EU to combat alien invaders

They grow to up to 60cm, inhabit wetlands, and build burrows for their families from vegetation and mud where they can snack on plants and small frogs in peace.

Muskrats are one of the species that the EU says are threatning native biodiversity

Muskrats are one of the species that the EU says are threatning native biodiversity

No, the furry muskrat may not sound like a dangerous foreign invader, but it is one of the alien species threatening Europe's native biodiversity, according to the EU, which has launched a survey looking for solutions to the spread of animals and plants from abroad.

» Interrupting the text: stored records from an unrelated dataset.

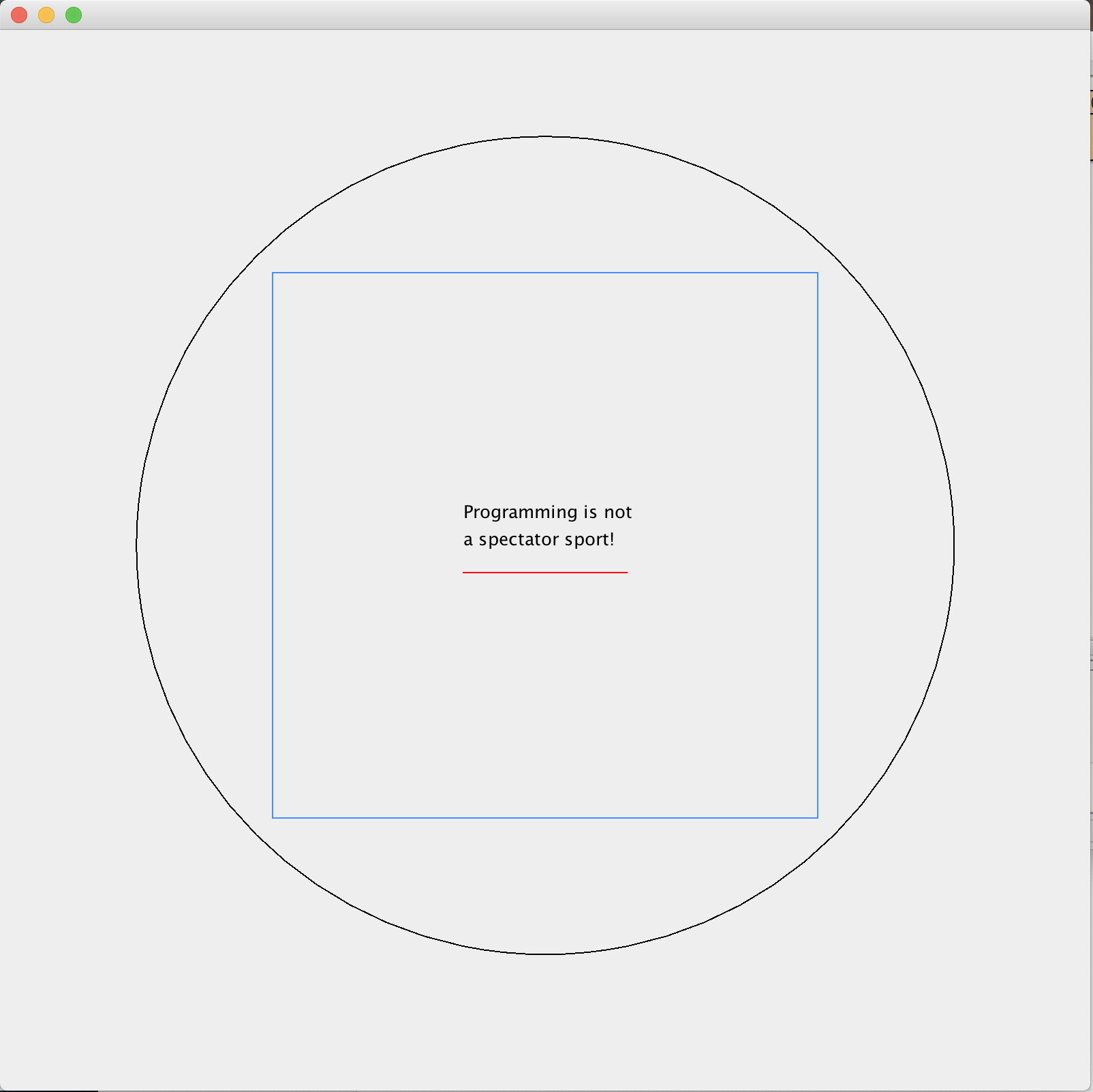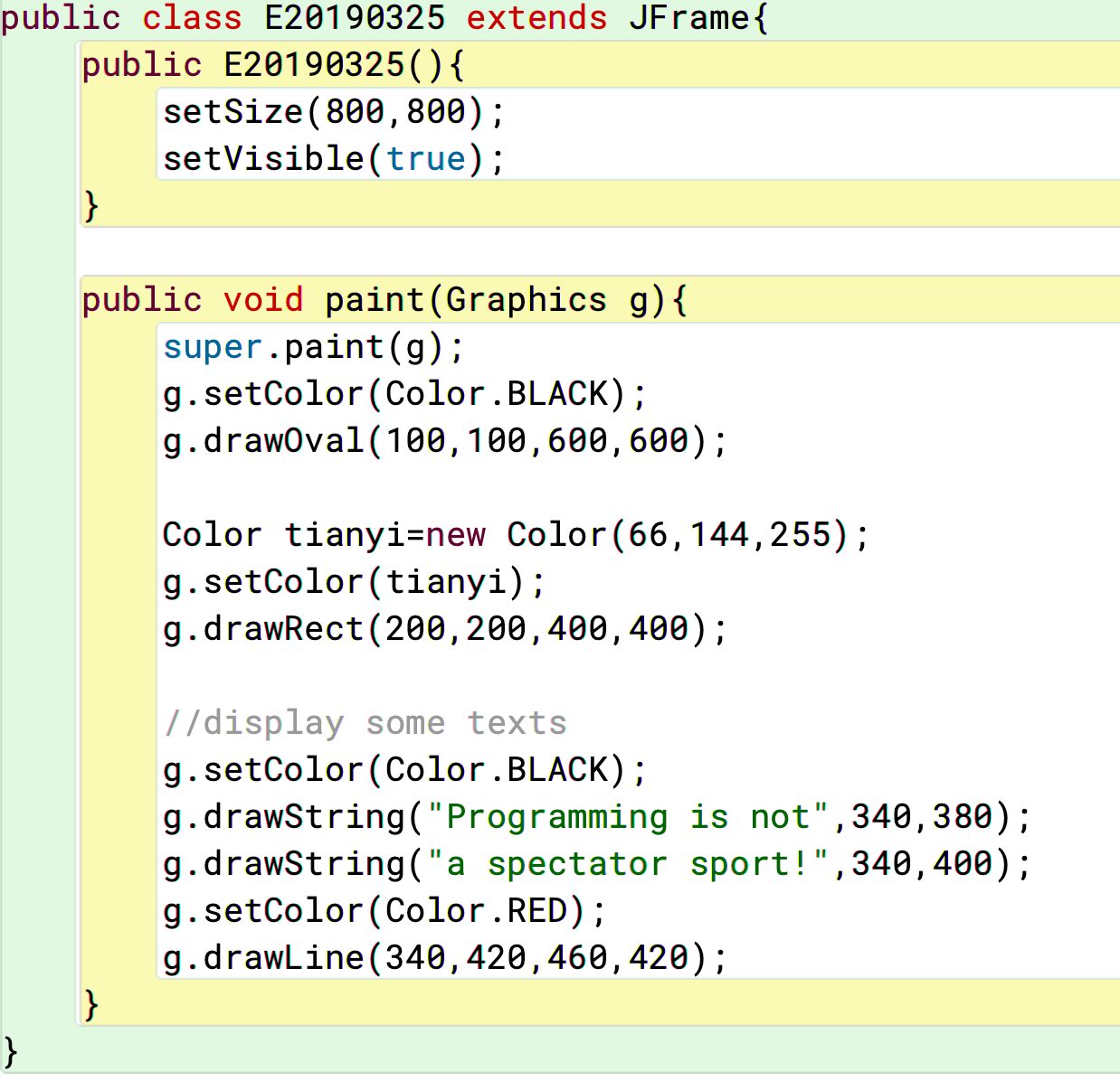 The first concept we learn is Graphics class, which provides methods to draw shapes (lines, rectangles, ovals), text on the window and set colors. The main body of the codes is basically constructed of “pubic void paint (Graphics g){super.paint(g);}”. Inside the {}, we can write out codes. Two basic methods are draw and fill; the former one draw the outline of a shape, while the latter draw the shape with colors filled.
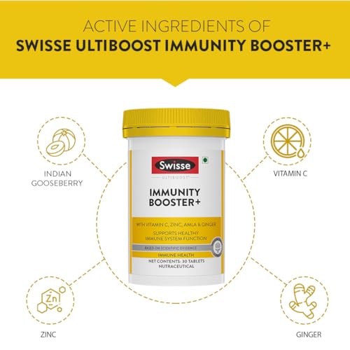 Swisse Immunity Booster+ with Vitamin C & Zinc - Contains Amla & Ginger, All Natural Immunity Booster - 30 Tablets
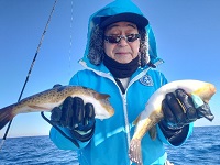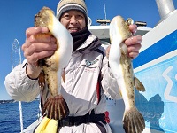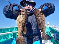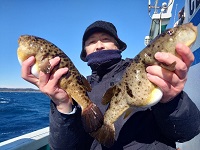 今日の感想 朝の内は、太東沖向けましたが、海悪く我慢出来なく、大原沖15mの港前で、ショウサイフグ&コモンフグ&ヒガン(アカメ)フグ 狙いして見たら、釣れる所のポイント狙いしたかったですが、ヒガン(アカメ)フグの食い良くて、海悪い中、大流し出来ます。しかも、今日は、良型サイズが、結構釣れる中、ショウサイ、コモン、カワハギ、ウマズラなどが、お顔だしてくれて、楽しい釣りでした。凪ぎの海で、ポイント狙いしたら、もっと釣れて爆釣りだったでしょうね。ヒガン(アカメ)フグ釣るなら、今チャンスだと思いますので、明日も、状況見て、狙って見ようと思いますので、釣り来て下さい。御客様2名の釣果です。
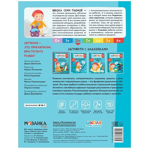 Книга «Окружающий мир 2+» из серии «Школа Семи Гномов. Активити с наклейками» предназначена для расширения кругозора и знаний об окружающем мире детей от 2 до 3 лет.
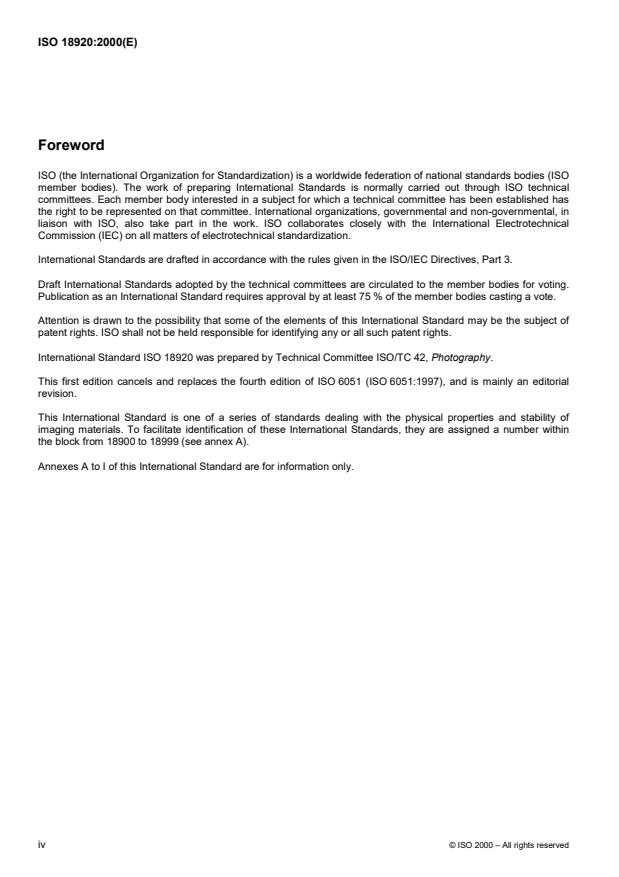 ISO 18920:2000 is a standard published by the International Organization for Standardization (ISO). Its full title is "Imaging materials — Processed photographic reflection prints — Storage practices". This standard covers: Specifies dark storage conditions, storage facilities, and procedures for the handling and inspection of reflection prints of all types and sizes.
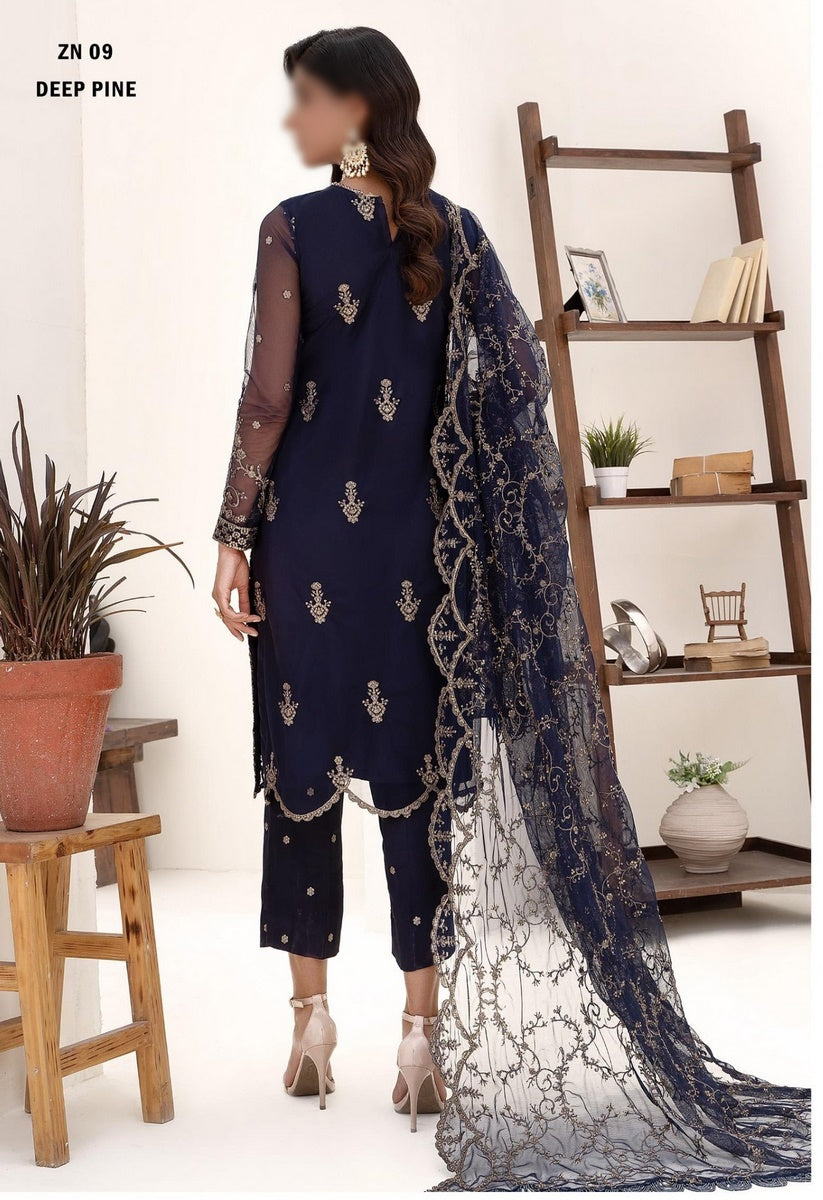 Nazneen Luxury Formals by Zarif Collection 2023 has been styled in the image for photography and illustrative purposes.
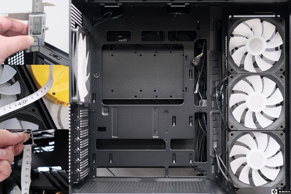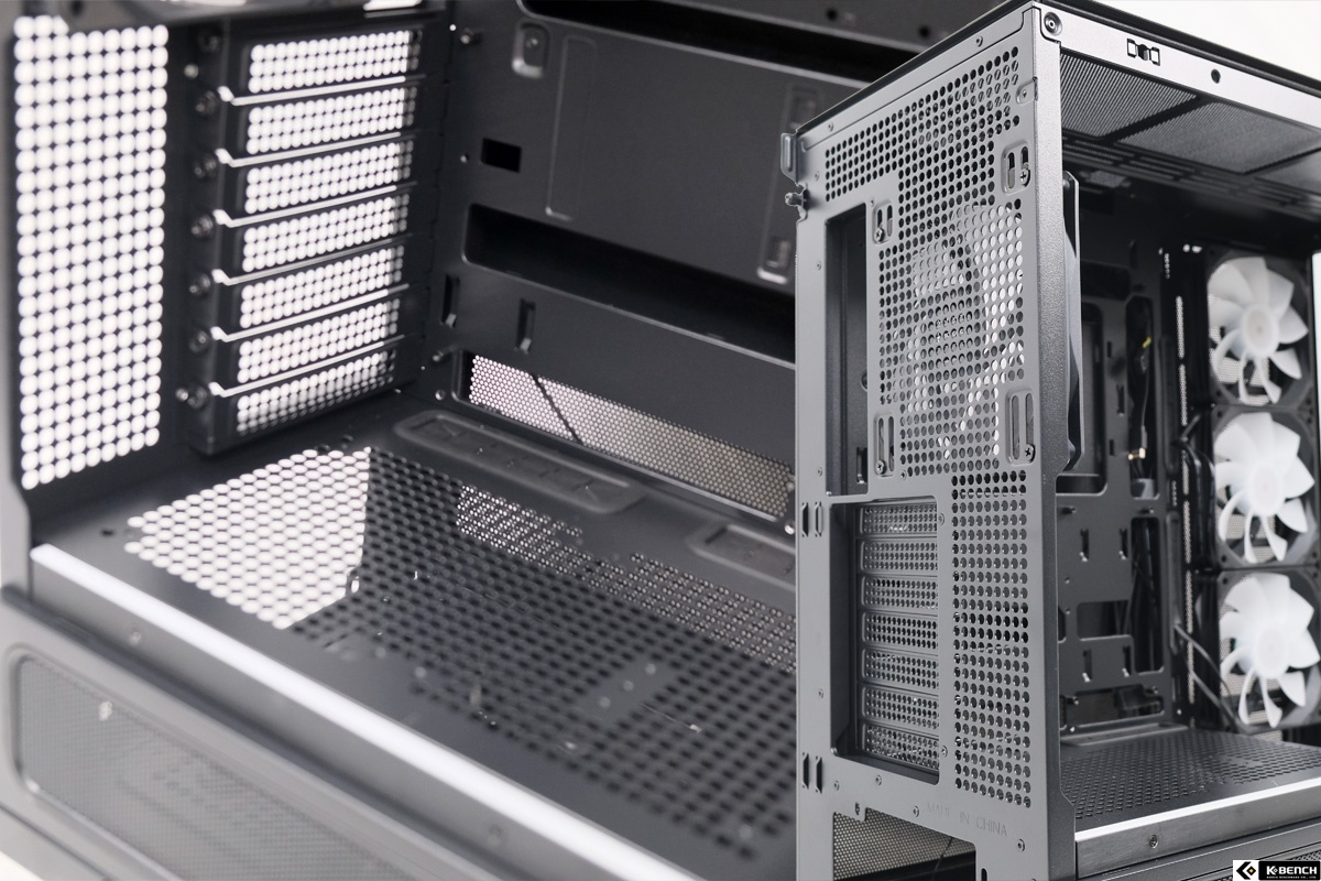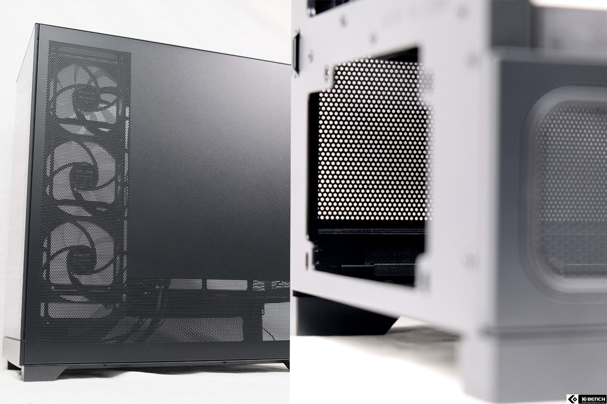 배치되는 팬 구성이다. 특히 측면은 L자형 메쉬 패널을 그대로 활용해 기본 제공되는 120mm 팬 3개가 장착된 상태로 출고되며, 이 영역이
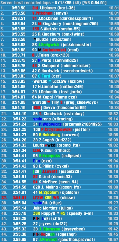 Seeing as the server in use for prequal was down at 04:00 UTC when prequal was intended to end, I could not get to the Airio !top list to generate results.
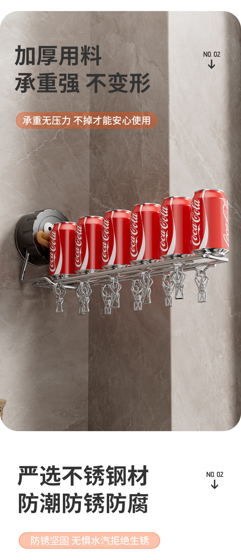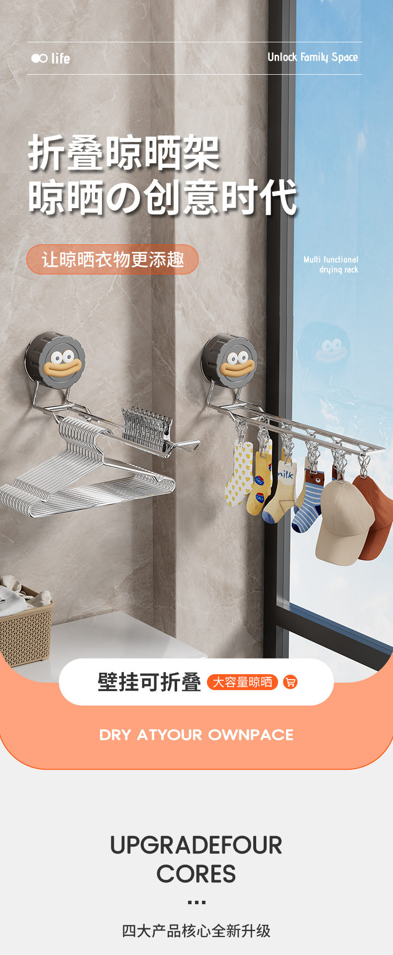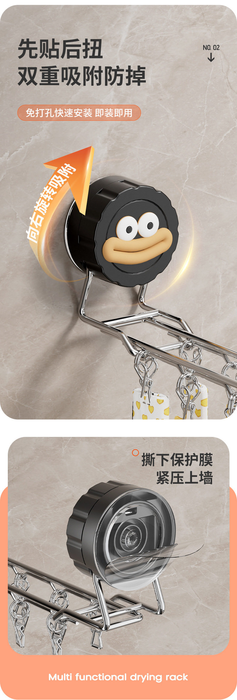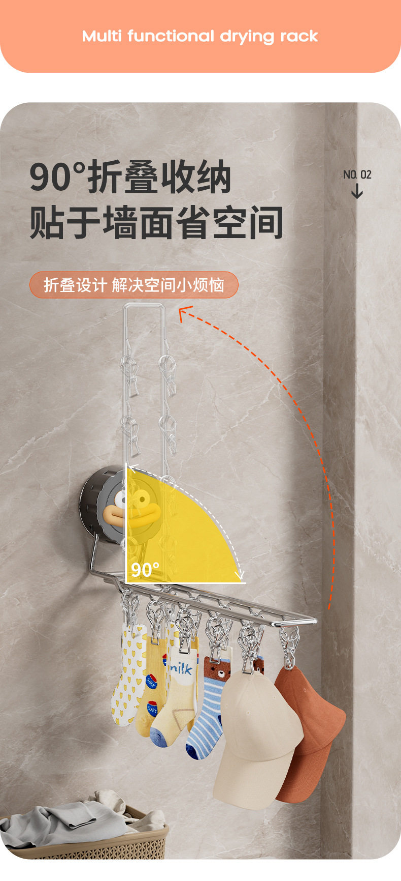No-Drill Suction Cup Drying Rack for Balcony, Stainless Steel Sock Clips, Multi-Clip Clothes Hanger Storage Rack, Foldable Clothesline Hanger
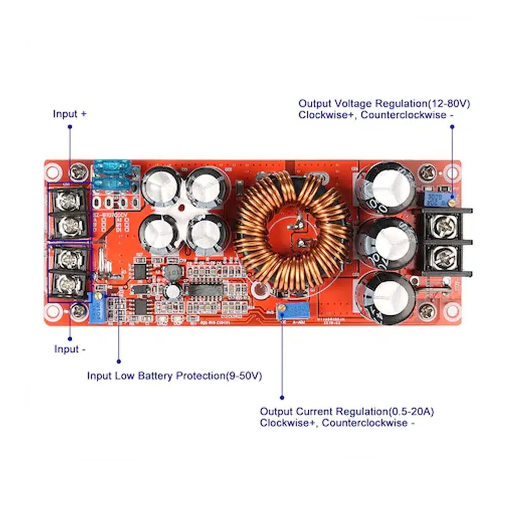 | Etiketler | 1200W Dc-Dc Voltaj Gerilim Yükseltici 20A 8-60V To 12-83V |
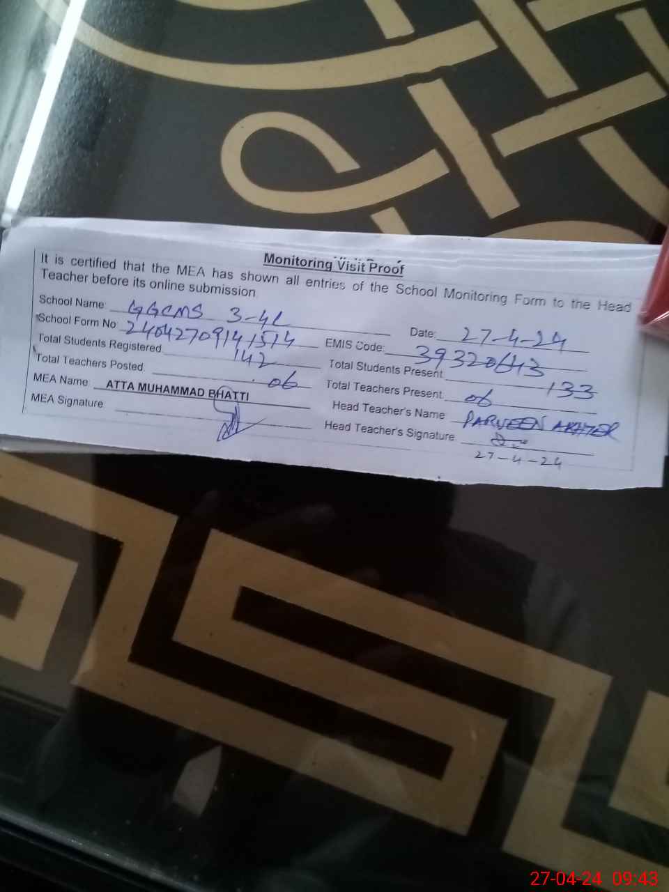 | Attendance Register | Head Teacher | MEA with School | Visit Proof |
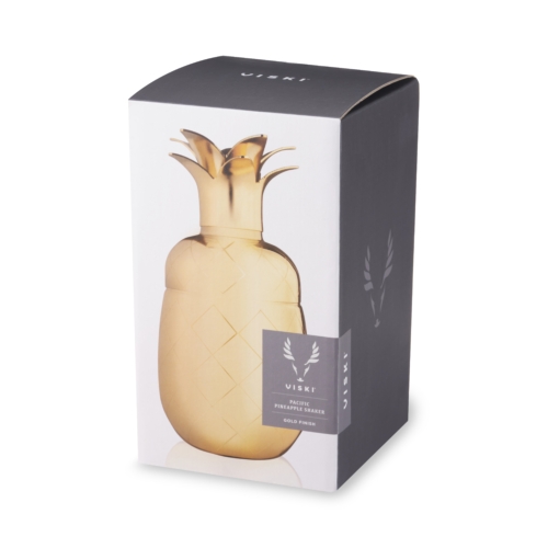 Add a tropical twist to your barware collection. Crafted from stainless steel with a polished gold finish, this eye-catching shaker brings fun and sophistication to your cocktail hour. The three-piece design includes a built-in strainer and a cap shaped like pineapple leaves, ensuring both style and functionality for your favorite drinks. Stainless steel construction Polished gold finish Built-in strainer and cap 3-piece shaker design Unique pineapple shape
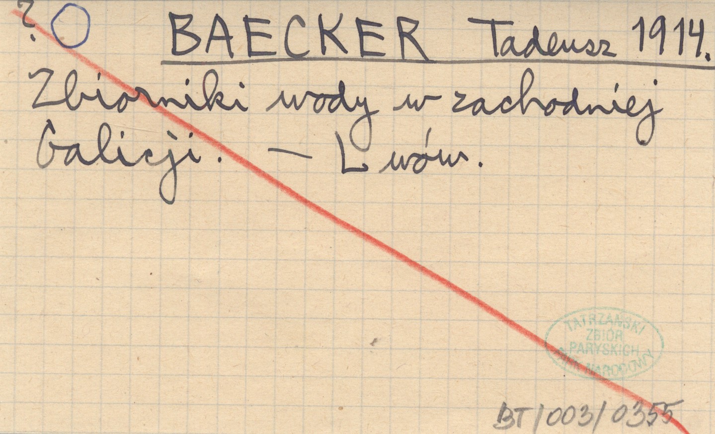 BAECKER Tadeusz 1914 Zbiornik wody w zachodniej Galicji.

The internet consultation, which will run until May 5, is appealing for organisations, individuals and businesses across Europe to submit their wisdom on dealing with invasive alien species (IAS).

The results will help EU chiefs draw up a framework for tackling IAS, which is set to be adopted by the end of the year.

EU commissioner Stavros Dimas said: "We know that invasive species are one of the major threats to biodiversity, and that economies often suffer as a result, but we lack a harmonised system for tackling the problem and assessing its impact.

"A strong public response to this survey will help Europe define the problem more clearly, and ultimately help us develop a suitable mechanism to halt it altogether."

Although some foreign plant and animal species introduced to Europe, such as rhododendrons and potatoes, have proved beneficial to life in Europe, others can cause extensive damage and compete with native populations.

In Germany, more than Euro 40m a year has to be spent on repairing the damage done to river banks and embankments by muskrats and exotic plants such as knotweed and giant hogweed.